Biden: Wearing a mask near someone even if both have been vaccinated is ‘patriotic responsibility’
Cites possibility that someone else might not have been vaccinated.
President Joe Biden this week claimed that wearing a mask around another person even if both individuals have been vaccinated against COVID-19 is a "patriotic responsibility."
Biden made the controversial claim during an interview with the "Today" show's Craig Melvin. The journalist had asked the president, given the CDC's recently revised guidance on outdoor mask usage, if Americans were "no longer going to see the President of the United States outside with a mask on."
Biden indicated that he would be outside without a mask on so long as he was not around any other people, a scenario the likelihood of which he admitted was "not … very high."
He acknowledged, however, that he was only going maskless for the interview with Melvin due to the fact that they were separated by what appeared to be about 12 feet.

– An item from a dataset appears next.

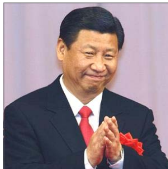
Chinese Vice President Xi Jinping was elected to succeed President Hu Jintao in 2013.

This fear of social unrest can explain the election of a third party candidate, Xi Jinping, as the successor of President Hu Jintao in 2013. This election also tells us about the direction the plenum majority wants the Communist Party to take, in order to bring about the needed and urgent political and economic reforms. For this reason, the first priority for the Communist Party is to maintain social stability at all cost. Otherwise, impossible to implement any economic or political reform adopted by the Central Committee. One can expect a greater control of public gatherings and censure of communications.

"But if we were in fact sitting there talking to one another close, I'd have my mask on, and I'd bet you'd have a mask, even though we've both been vaccinated," Biden continued.
"And so it's a small precaution to take that has a profound impact," he added. "It's a patriotic responsibility for God's sake. It's making sure that your wife, your children, if in fact they haven't been vaccinated, making sure that they're not going to get sick."
More than half of U.S. adults have received at least one dose of the coronavirus vaccine.